Angelo Quinto.Courtesy John Burris

When police arrived, Quinto was being held on the floor by his mother and was beginning to calm down, the lawsuit said. Two officers, who were not identified, took Quinto from his mother’s arms as he allegedly said “please don’t kill me,” according to the suit.

The lawsuit claims the two officers then put Quinto down on his stomach, with his legs crossed behind him, and one officer allegedly placed his knee on Quinto’s neck.

“At this point, Mr. Quinto started bleeding from his mouth,” the lawsuit said. “At no time while being restrained did Mr.Quinto resist physically or verbally. After being restrained for almost 5 minutes, Mr. Quinto became lifeless.”

Video recorded by Quinto-Collins — posted online by the family’s lawyer and presented at a press conference last week by the attorney — appears to show the incident.

The video has not been verified by NBC News and it is not known what happened before or after what’s shown in the video, nor whether or how it may have been edited.

The video appears to show officers rolling Quinto onto his side at some point during the encounter. What seems to be blood is visible on the floor as well as on Quinto’s face.

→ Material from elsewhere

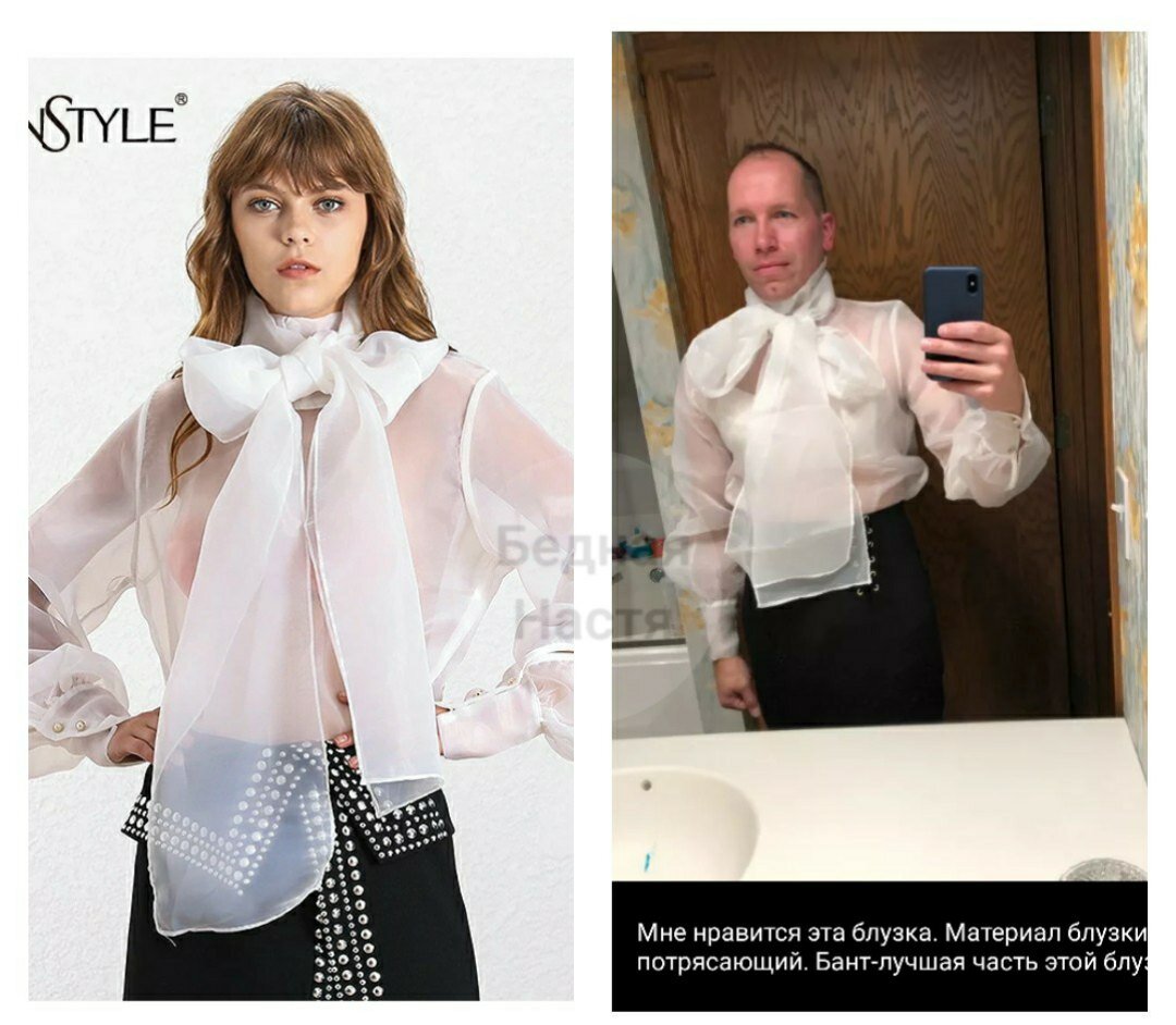 Бывают странные вещи, а бывает, что сама одежда вроде и ничего, но покупателям она не очень подходит по разным причинам. Или они выкладывают странноватые фото в отзывы. Посмотрим на них. Все фото из реальных отзывов и страниц продавцов с aliexpress.com Я считаю, что такие блузки нужно носить не прямо на белье, т.к она очень сильно просвечивает. Но тут покупатель пошел дальше. На фото мужчина, да. И судя по его комментариям, он очень доволен покупкой. Бант, несомненно, украшает эту блузку, немного маскируя то, что под ним. Вообще-то это пеньюар, но женщина решила выгулять его вместе с питоном. Хорошо хоть, что надела под него закрытое белье. Фотосессия - это хорошо, фотосессия со змеёй - это смелое решение. Но все же лучше более тщательно подбирать себе наряд для таких мероприятий. Вроде бы это шорты, но очень странные сами по себе. Мужчина с фото сверху считает, что эта модель подходит для всех полов. Ему виднее, наверное. Но все же, куда в них ходить? В спортивном зале будут косит

Officers and paramedics appear in the video to lift Quinto out of the room onto a gurney where paramedics performed chest compressions. Quinto did not seem to be conscious or responsive in the video.

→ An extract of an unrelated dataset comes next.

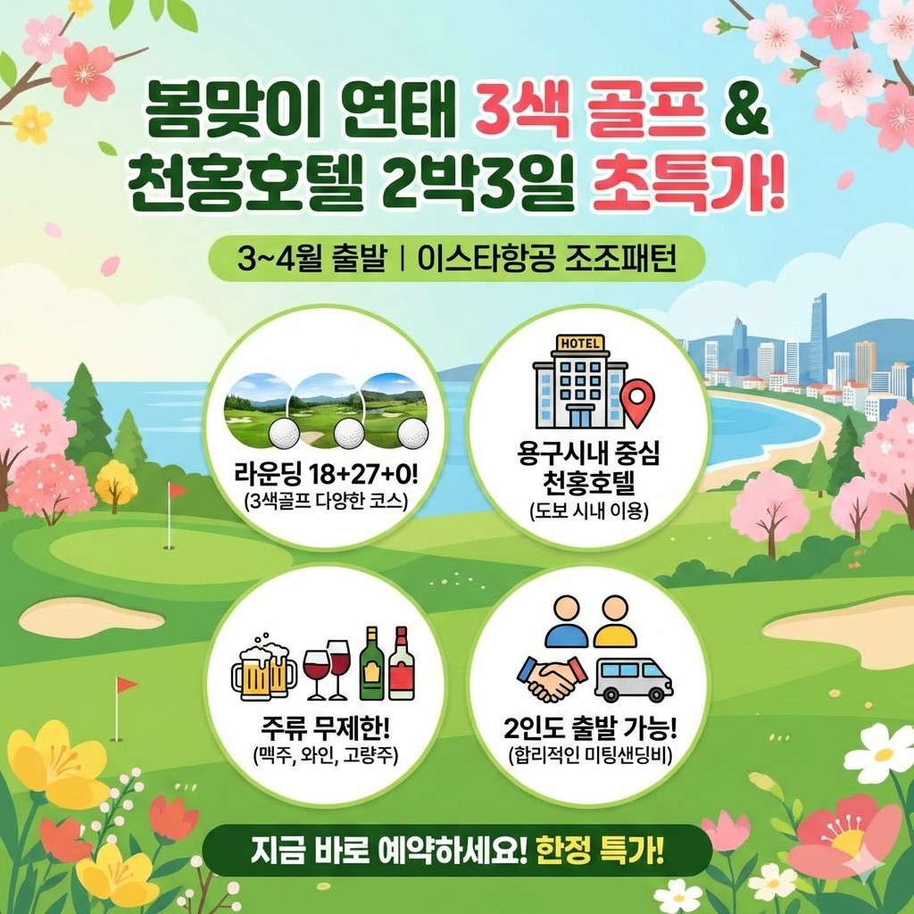 🌸봄바람 부는 연태로! 낮엔 나이스샷, 밤에는 치얼스! 3~4월 갓성비 특가🛩

He was later taken to a hospital where he “never regained consciousness” and died three days later, the lawsuit says.

Quinto’s family is now alleging that the Navy veteran “died as a direct consequence of the unreasonable force used against him” and that officers ignored his cries of distress.

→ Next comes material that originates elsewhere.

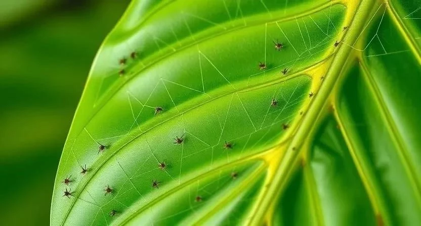 - Паутинный клещ: Этот крошечный вредитель легко узнаваем по тонкой паутине, опутывающей листья и стебли. Листья при этом желтеют и сохнут.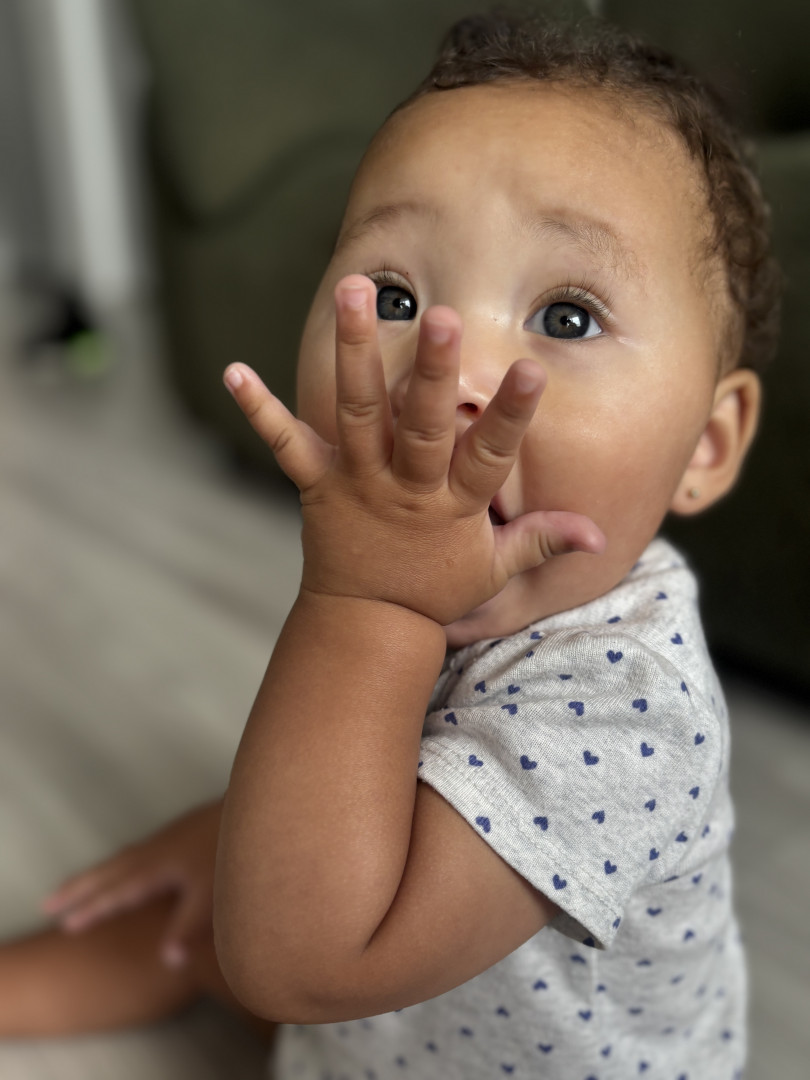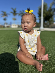 She has the sweetest personality! She’s calm, gentle and observant yet full of so much energy. Her laugh is contagious and her big smiles melt me every time. She loves food and exploring her little world. Though she’s naturally peaceful, her playful side shows she’s going to fun and full of life!

It is unclear if Quinto was ever formally diagnosed with a mental illness, based on the lawsuit filing. John Burris, the attorney for Quinto’s family, did not answer questions regarding Quinto’s cause of death or mental health diagnosis in email exchanges with NBC News on Wednesday.

“This certainly falls within one of the more egregious a case you can have, not because the physical conduct was brutal, like we have in cases where people have been shot unnecessarily or beaten to death,” Burris said at a press conference last week. “This is a situation where it was more subtle than that.”

Burris at the press conference compared Quinto’s death with that of George Floyd, a Black man who died in Minneapolis last year after officers restrained him by placing a knee to his neck.

Neither the city attorney for Antioch nor the Antioch Chief of Police Tammany Brooks responded to a request for comment. Lt. John Fortner of the Antioch Police Department told Mercury News last week that a cause of death had yet to be determined.

Officers called an ambulance to place Quinto in a mental health hold when he began experiencing a medical emergency, according to Fortner. “They had the ambulance step up their response,” Fortner told Mercury News. “(The ambulance) transported him to hospital, they stabilized him for three days and he unfortunately passed away.”

Quinto, born in the Philippines, moved to the U.S. when he was a child, according to his obituary. He attended Berkeley City College and dreamed of joining the U.S. Navy, where he was honorably discharged for medical reasons, the obituary said.

“His creativity, humor, and drive will be missed greatly by his family and friends,” the obituary said. “He leaves behind his mother, Cassandra, his stepfather, Robert, his two younger siblings, Andrei and Isabella, and his close cousin, Miguel.”